When people start making comments toward myself and towards things I believe in or start pushing for me to change then I will become reactive and start combating them with flaws in their logic, insulting sarcastic jokes, and generally picking apart their reasoning. 

When actions are taken against myself and I feel my character is being attacked or if I feel that they are hurting me, diminishing my feelings, taking wrong actions that really cause gut reactions to me and my experiences then I become tyrannical, and you will feel my anger and you will feel my aggression as if it is a force in the room. You will back down or you will be forced to move or hurt in some way because I will not let you continue doing what you are doing. You are wrong, you will know that you are wrong, you will not try it again and you will feel bad for the actions you took against myself. It becomes about submission, I am right and you are wrong and you will not say anything to the contrary. I get very, very aggressive and hostile during this stage. You want loud yelling - I will make your ears ring I am positive I can become louder then you can, you want point by point deduction of logic and reasoning - I will dismantle your entire set of beliefs until there is nothing left of them, You want to make it personal I will guilt and shame you until you are in tears and I will personalized everything, etc. 

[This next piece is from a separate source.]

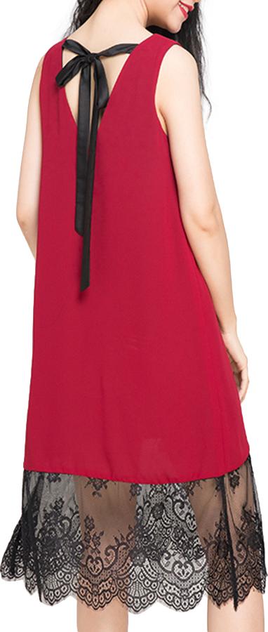 Đầm Suông Đỏ Đô Phối Ren Cao Cấp DL341

The stage above is admittedly very rare - only a few close people I have ever had contact with have gotten me to that point. Most of the people who trespassed into that stage were family members and maybe a few friends who I felt really burned me and it became about hitting pressure points to make them realize that they were wrong in their treatment of me and that they needed to realize how much their actions hurt me. All the times that phase of anger/aggression was reached were due to personal developments in nature. I don't know what the above is -- if it's 1, 8 disintergration of 4 to 2 or if it's Sx dominance I have no clue I can only express how I have reacted during those points and how my anger manifests itself. 

Stage 1 is ambivalence, stage 2 is cold detached logical anger/disappointment/reasoning and stage 3 is complete destruction of my opponent.

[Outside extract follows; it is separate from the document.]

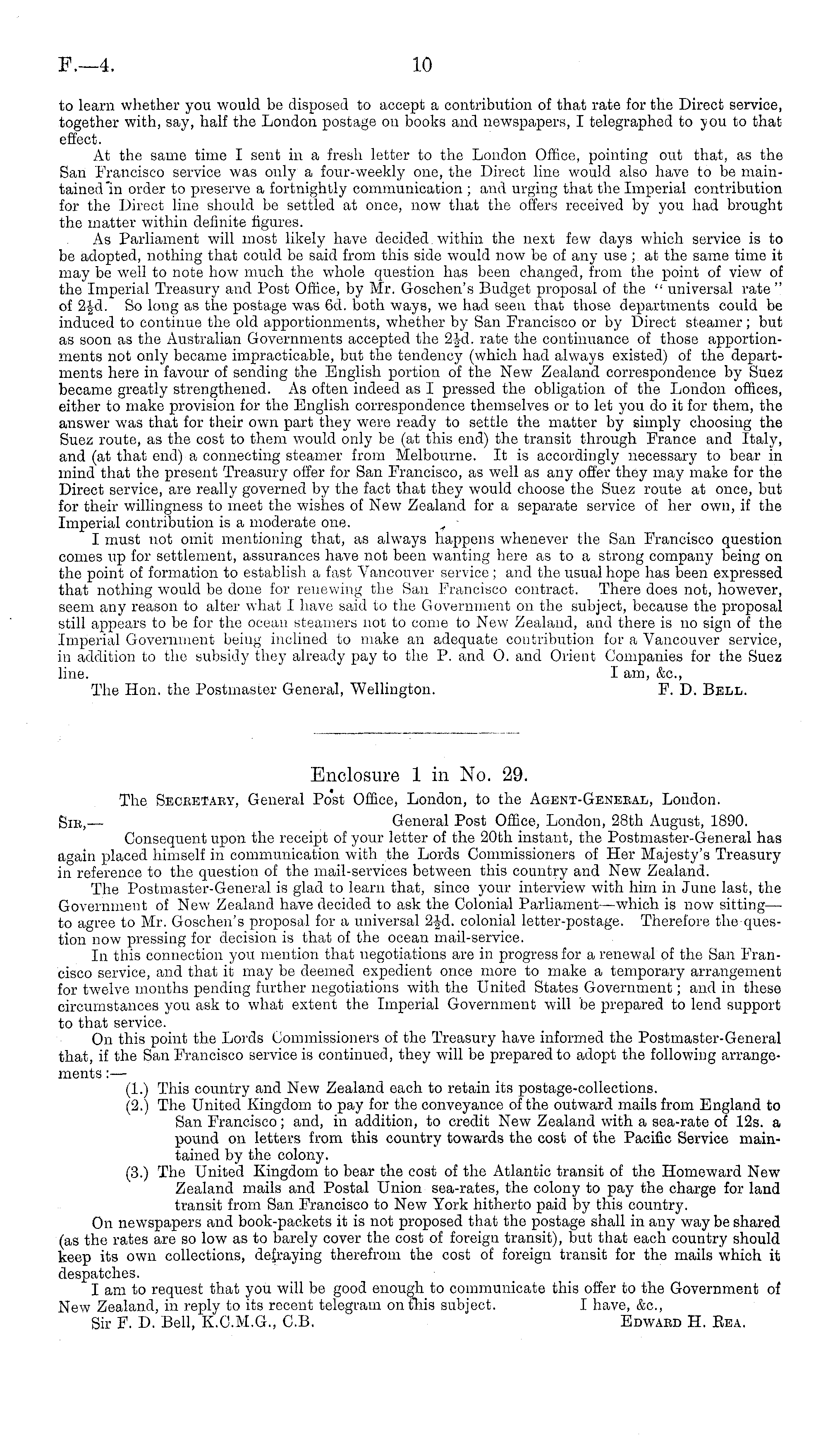 Enclosure 1 in No. 29. The Seceetaey, General Post Office, London, to the Agent-Genebal, London. Sib,— General Post Office, London, 28th August, 1890. Consequent upon the receipt of your letter of the 20th instant, the Postmaster-General has again placed himself in communication with the Lords Commissioners of Her Majesty's Treasury in reference to the question of the mail-services between this country and New Zealand. The Postmaster-General is glad to learn that, since your interview with him in June last, the Government of New Zealand have decided to ask the Colonial Parliament—which is now sitting— to agree to Mr. Goschen's proposal for a universal 2-|d. colonial letter-postage. Therefore the question now pressing for decision is that of the ocean mail-service. In this connection you mention that negotiations are in progress for a renewal of the San Francisco service, and that it may be deemed expedient once more to make a temporary arrangement for twelve months pending further negotiations with the United States Government; and in these circumstances you ask to what extent the Imperial Government will be prepared to lend support to that service. On this point the Lords Commissioners of the Treasury have informed the Postmaster-General that, if the San Francisco service is continued, they will be prepared to adopt the following arrangements :— (1.) This country and New Zealand each to retain its postage-collections. (2.) The United Kingdom to pay for the conveyance of the outward mails from England to San Francisco; and, in addition, to credit New Zealand with a sea-rate of 12s. a pound on letters from this country towards the cost of the Pacific Service maintained by the colony. (3.) The United Kingdom to bear the cost of the Atlantic transit of the Homeward New Zealand mails and Postal Union sea-rates, the colony to pay the charge for land transit from San Francisco to New York hitherto paid by this country. On newspapers and book-packets it is not proposed that the postage shall in any way be shared (as the rates are so low as to barely cover the cost of foreign transit), but that each country should keep its own collections, defraying therefrom the cost of foreign transit for the mails which it despatches. I am to request that you will be good enough to communicate this offer to the Government of New Zealand, in reply to its recent telegram on this subject. I have, &c, Sir F. D. Bell, K.C.M.G., C.B. Edwaed H. Eea.

I'll sum it up by saying that I don't like feeling stage 3 in regards to my anger, it makes me feel out of control but at the same time it makes me feel free and honest. But I don't like hurting people, I don't like feeling out of control, I don't like making people feel bad -- but it's honestly just a pure gut reaction to how I feel about those people doing those things. It's raw, it's honest, it's primal. At the same time I don't like knowing that those people can get to me that way and it makes me feel vulnerable knowing that the person can get me to lose complete control in such a way like that. I don't want people to know they can get to me and I don't want those lesser people to have that purer part of me because they don't deserve it. They don't deserve my anger. They deserve my ambivalence, my apathy. My anger only serves the purpose of admitting that I care about what they did, when I would rather not care at all.


----------



## Chipps (Jun 1, 2011)

Hmmm....

Well since I know type 6 fairly well, I will speak only about that one and let everyone else have at the 8 and 1.

For type 6s I think that gut fixes as well as variant stacking play a huge role in how they deal with anger, express anger and what could cause anger. 

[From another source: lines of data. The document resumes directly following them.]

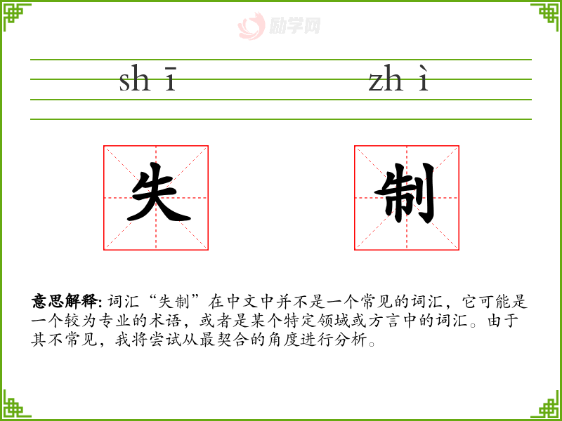 词汇“失制”在中文中并不是一个常见的词汇,它可能是一个较为专业的术语,或者是某个特定领域或方言中的词汇。由于其不常见,我将尝试从最契合的角度进行分析。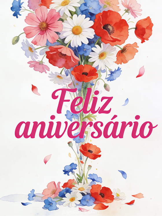 Celebre com um cartão de aniversário vibrante em que cosmos, margaridas e papoulas caem em uma cascata floral festiva. Você também pode ver cartão aniversário mulher champanhe, fotos feliz aniversário mulher e aniversário mulher grátis.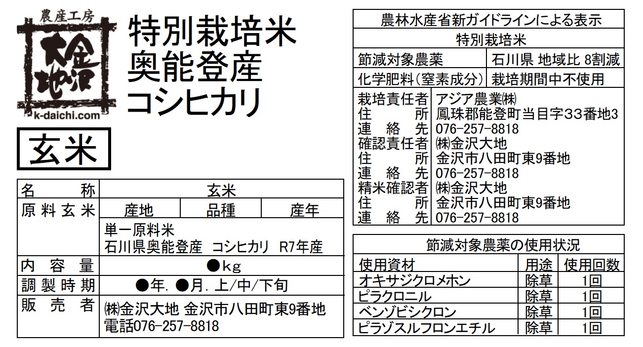 有機JAS規格では、原則として、化学合成された農薬の使用は禁止されていますが、天然系農薬やフェロモン剤など、条件付きで使用が可能な農薬もあります。この点、金沢大地の有機米は、有機JAS規格で許容されているものも含め、農薬および化学肥料は一切使用しておりません。有機栽培の中でも、厳格な基準で栽培しています。

8 fixed 6s will probably express anger more often since they tend to be the most counterphobic of the 6s and this is probably exacerbated if they were Sx dom and if they also had a 4 fix. I imagine that the causes of anger for this type 6 would stem from problems that the 8 also deals with, so control over themselves. This type might act offensively to conflict rather than defensively, since this 6 is probably the most 8ish of the bunch. 

1 fixed 6s probably express anger more often than the 9 fixed 6s but not as much as the 8 fixed 6. As a 1 fixed 6, I don't express my anger a lot since I naturally repress it like a core 1 would. I also dont express it much because I dont like to lose control over my emotions or allow other people to get under my skin. I like for my anger to be justified and I'll let it build up before I blow my top. My anger is usually directed at things around me that I think are wrong or that violate my moral code/standards. There is always this undercurrent of rightness associated with the expression of anger. I feel like I've had more than enough and so I have a right to go off when I get mad especially since I've held back so long. 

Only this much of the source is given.